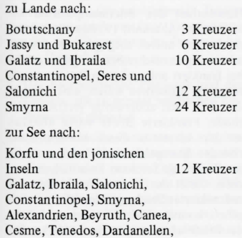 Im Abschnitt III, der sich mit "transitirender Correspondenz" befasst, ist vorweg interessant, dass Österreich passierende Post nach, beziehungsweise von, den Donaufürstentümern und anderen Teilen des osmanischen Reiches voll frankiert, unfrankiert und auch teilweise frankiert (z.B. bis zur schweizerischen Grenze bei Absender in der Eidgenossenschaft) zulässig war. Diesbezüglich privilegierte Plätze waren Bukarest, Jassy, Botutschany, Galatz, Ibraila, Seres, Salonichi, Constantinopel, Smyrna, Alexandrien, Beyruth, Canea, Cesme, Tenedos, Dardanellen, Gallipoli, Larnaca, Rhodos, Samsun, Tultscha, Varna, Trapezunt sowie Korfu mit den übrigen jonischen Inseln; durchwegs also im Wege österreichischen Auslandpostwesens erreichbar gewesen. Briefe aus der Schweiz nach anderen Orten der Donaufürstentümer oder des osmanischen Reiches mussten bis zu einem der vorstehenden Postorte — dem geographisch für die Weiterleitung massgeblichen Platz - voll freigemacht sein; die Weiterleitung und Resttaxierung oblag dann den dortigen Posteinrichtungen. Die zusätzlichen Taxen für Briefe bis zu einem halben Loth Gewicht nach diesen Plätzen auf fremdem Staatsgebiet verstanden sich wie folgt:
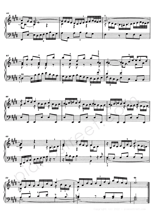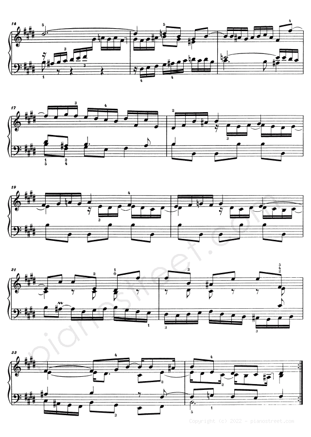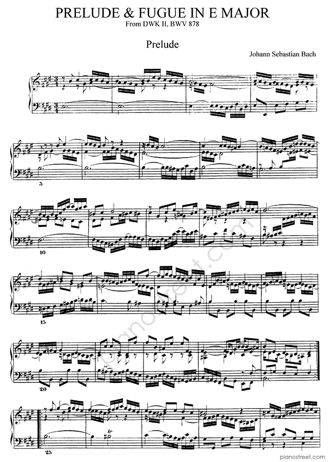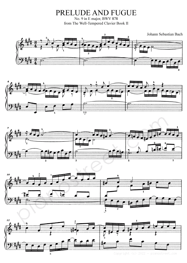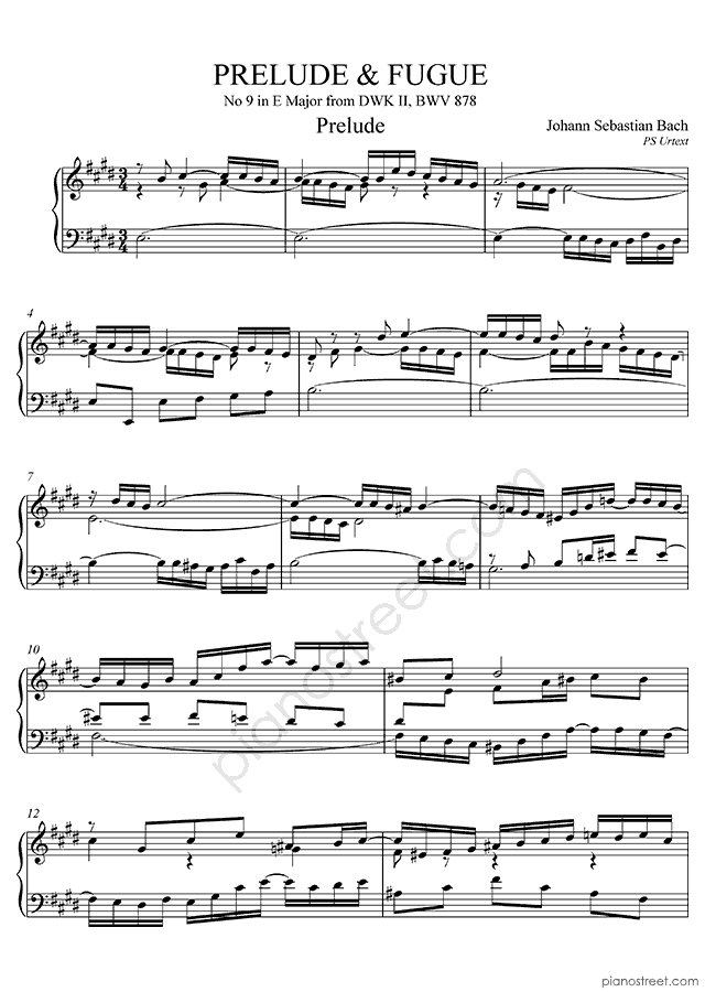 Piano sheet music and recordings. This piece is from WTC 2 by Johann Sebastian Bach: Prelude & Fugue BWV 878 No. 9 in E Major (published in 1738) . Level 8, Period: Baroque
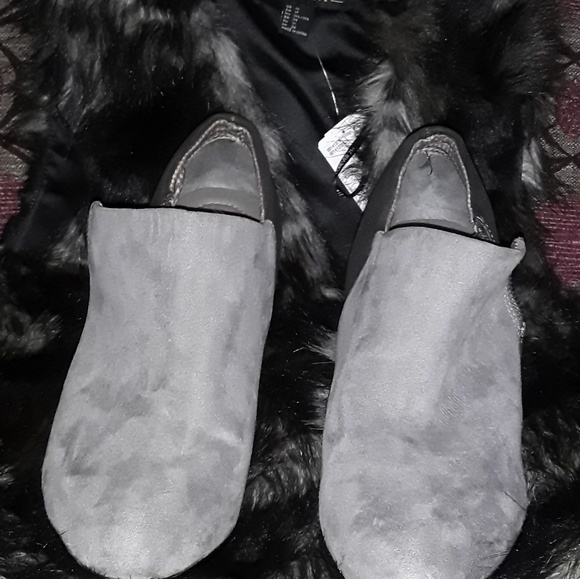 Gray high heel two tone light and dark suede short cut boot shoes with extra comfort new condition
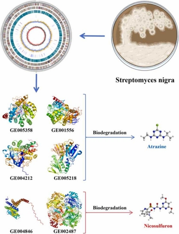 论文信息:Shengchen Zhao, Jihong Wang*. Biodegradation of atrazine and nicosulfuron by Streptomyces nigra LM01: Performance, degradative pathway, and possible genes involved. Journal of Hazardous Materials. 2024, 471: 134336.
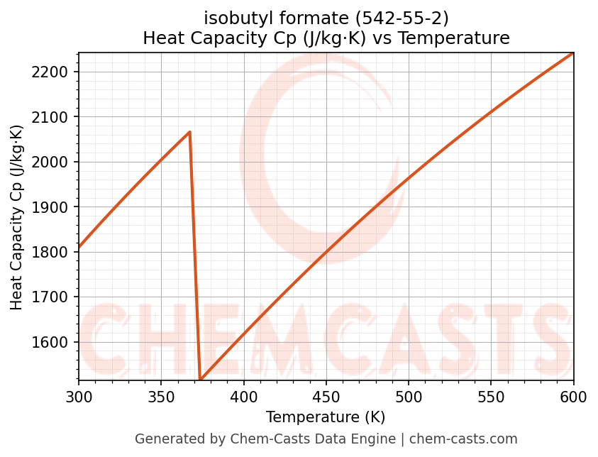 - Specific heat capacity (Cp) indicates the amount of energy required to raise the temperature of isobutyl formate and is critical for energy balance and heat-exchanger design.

TASK GOAL: Output, exactly and only, the lines beginning with the one that contains "Piano sheet music" and ending at the last line of the records above. Drop the pictures.

RESULT:
 Piano sheet music and recordings. This piece is from WTC 2 by Johann Sebastian Bach: Prelude & Fugue BWV 878 No. 9 in E Major (published in 1738) . Level 8, Period: Baroque
 Gray high heel two tone light and dark suede short cut boot shoes with extra comfort new condition
 论文信息:Shengchen Zhao, Jihong Wang*. Biodegradation of atrazine and nicosulfuron by Streptomyces nigra LM01: Performance, degradative pathway, and possible genes involved. Journal of Hazardous Materials. 2024, 471: 134336.
 - Specific heat capacity (Cp) indicates the amount of energy required to raise the temperature of isobutyl formate and is critical for energy balance and heat-exchanger design.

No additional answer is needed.